Step by step to setup a 3-node hadoop cluster environment
Suppose node1, node2, node3
master: node1
slaver: node1, node2, node3. # node1 used as both master and slave
(make sure node1, node2, node3 are correctly configured in /etc/hosts, they can reach each other)
hadoop: hadoop-0.20.2.tar.gz
JDK: jdk 1.7
Step 1: configure hadoop
* hadoop-0.20.2/conf/hadoop-env.sh
export JAVA_HOME=/path/to/java/jdk1.7
* hadoop-0.20.2/conf/core-site.xml
<configuration>
<property>
<name>fs.default.name</name>
<value>hdfs://node1:9000</value>
</property>
<property>
<name>hadoop.tmp.dir</name>
<value>/home/your_uid/tmp/hadoop/hadooproot</value>
</property>
</configuration>
# if the value for the hadoop.tmp.dir is not set either with -D option or configuration files,
# the default value is /tmp/hadoop-${user.name}
# where user.name is the username that you used to login to your system.

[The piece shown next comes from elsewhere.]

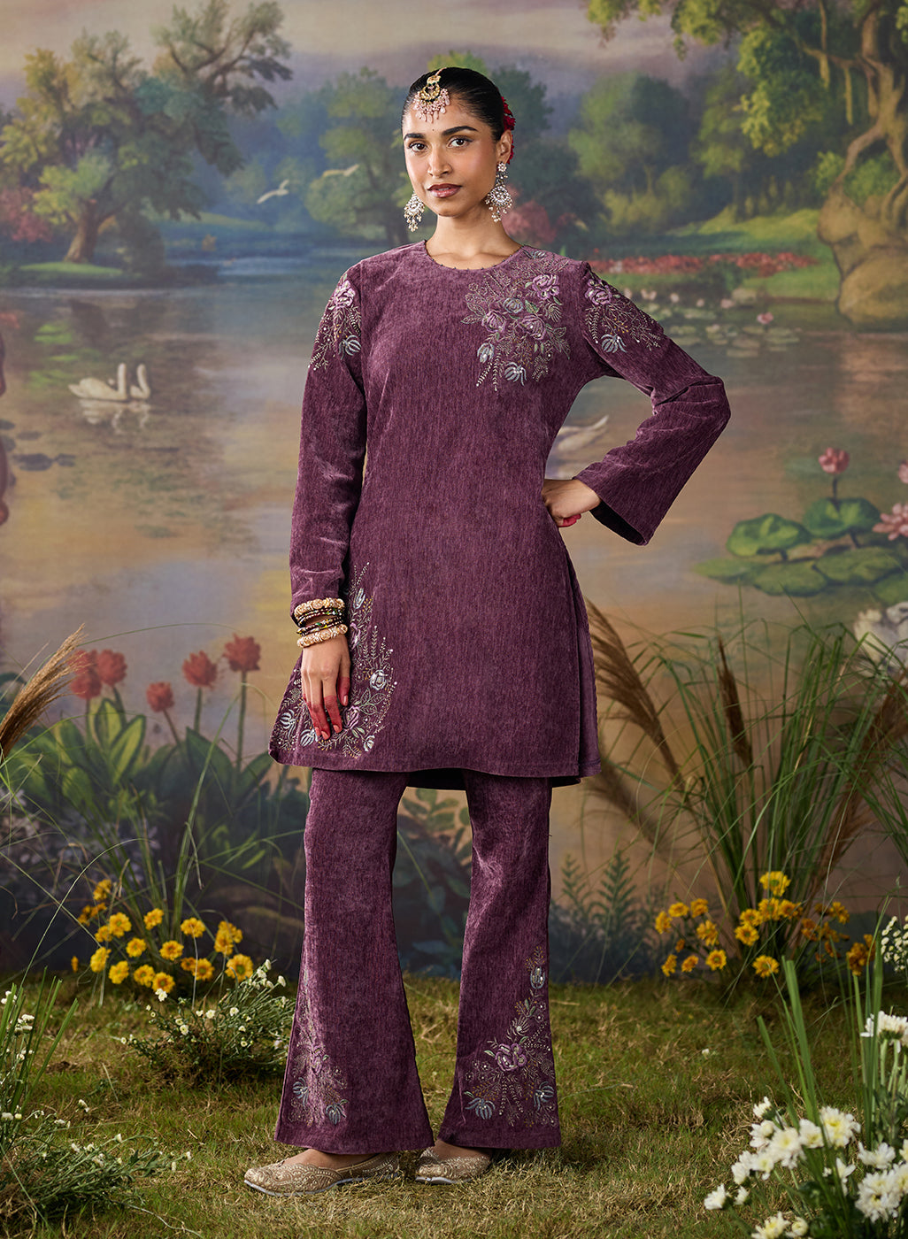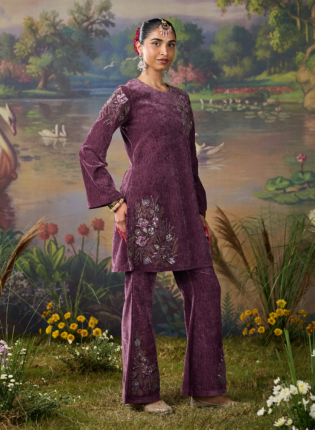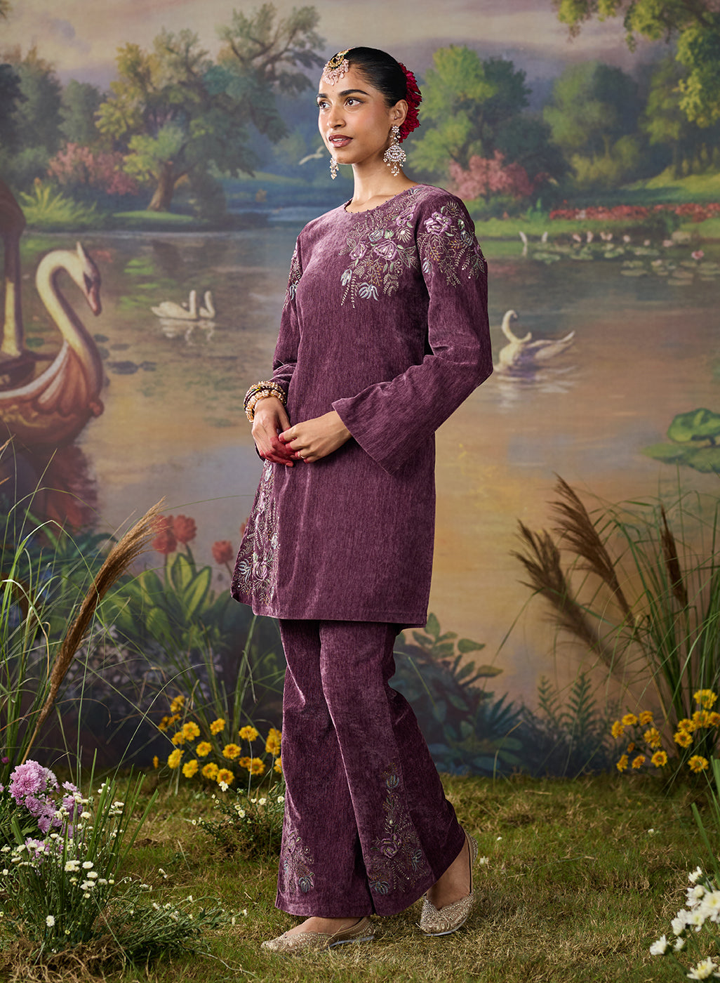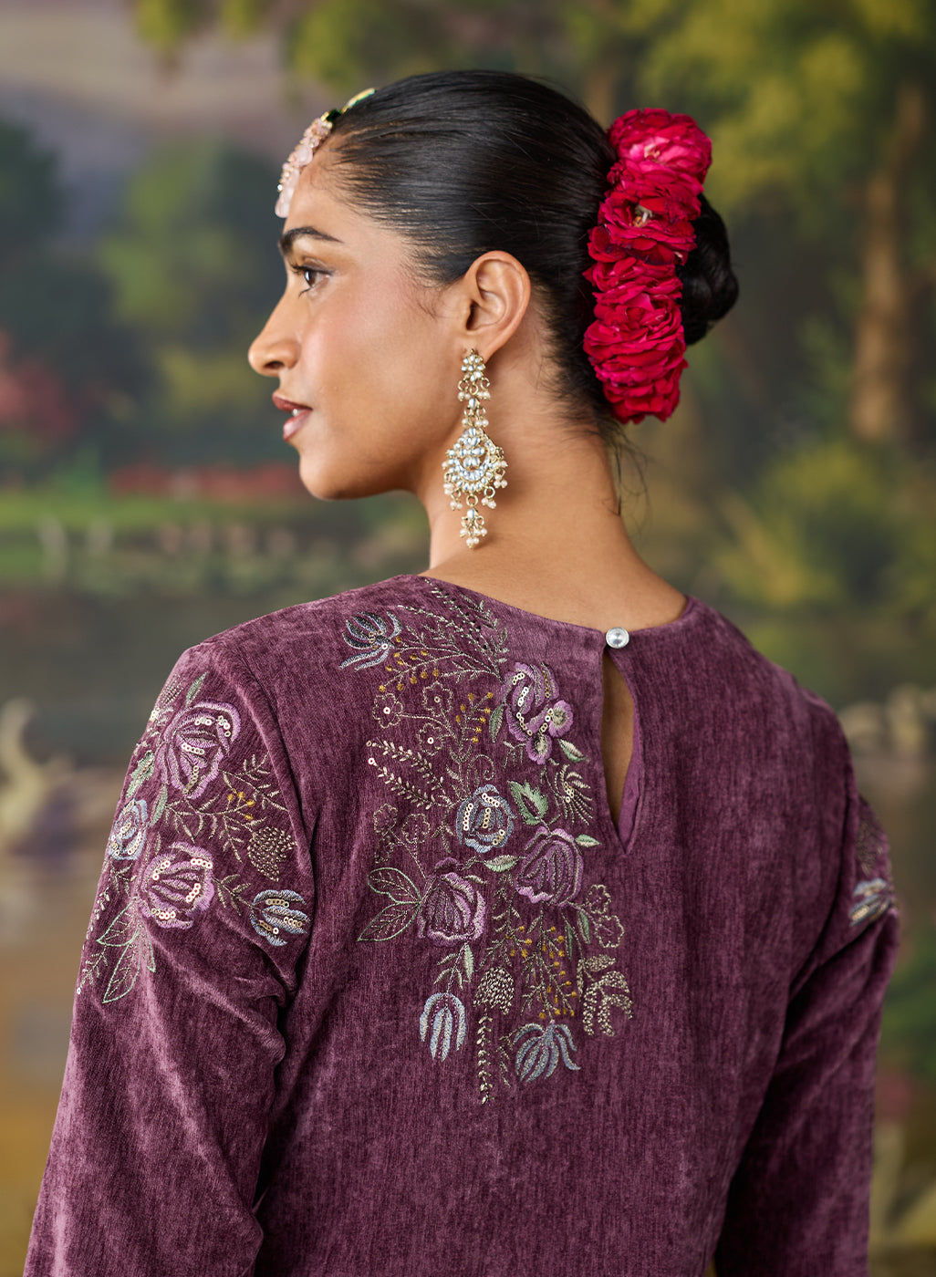 This purple velvet co-ord set embodies understated elegance with a touch of old-world charm. The plush fabric drapes beautifully, catching the light with its natural sheen, while intricate resham embroidery with hints of zari and sequins adds added shimmer. Effortlessly refined yet relaxed in spirit, it's the kind of ensemble that speaks volumes through texture, detail, and quiet sophistication.

* hadoop-0.20.2/conf/hdfs-site.xml
<configuration>
<!--
<property>
<name>dfs.data.dir</name>
<value>/home/your_uid/tmp/hadoop/hadoopdata</value>
</property>
<property>
<name>dfs.name.dir</name>
<value>/home/your_uid/tmp/hadoop/hadoopname</value>
</property>
-->
<property>
<name>dfs.replication</name>
<value>2</value>
</property>
</configuration>
# The default value for the dfs.name.dir is ${hadoop.tmp.dir}/dfs/data and
# The default value for the dfs.data.dir is ${hadoop.tmp.dir}/dfs/data.
# Set replication to 2
* hadoop-0.20.2/conf/mapred-site.xml
<configuration>
<property>
<name>mapred.job.tracker</name>
<value>node1:9001</value>
</property>
</configuration>
* hadoop-0.20.2/conf/masters
node1
* hadoop-0.20.2/conf/slaves
node1
node2
node3
* configuring SSH
logon node1:
$ssh-keygen -t dsa -P '' -f ~/.ssh/id_dsa
$cat ~/.ssh/id_dsa.pub >> ~/.ssh/authorized_keys
copy authorized_keys to other slaves
$scp authorized_keys node2:~/.ssh/
$scp authorized_keys node3:~/.ssh/
check node2 and node3 can be logon from node1 without a password required
ssh node2
ssh node3
* format name node
hadoop-0.20.2/bin/hadoop namenode -format
* start-up and shutdown
hadoop-0.20.2/bin/start-all.sh
hadoop-0.20.2/bin/stop-all.sh
* webaccess
http://node1:50030
http://node1:50070
* list and create folder
hadoop-0.20.2/bin/hadoop dfs -ls /
hadoop-0.20.2/bin/hadoop dfs -mkdir /data
hadoop-0.20.2/bin/hadoop dfs -ls /data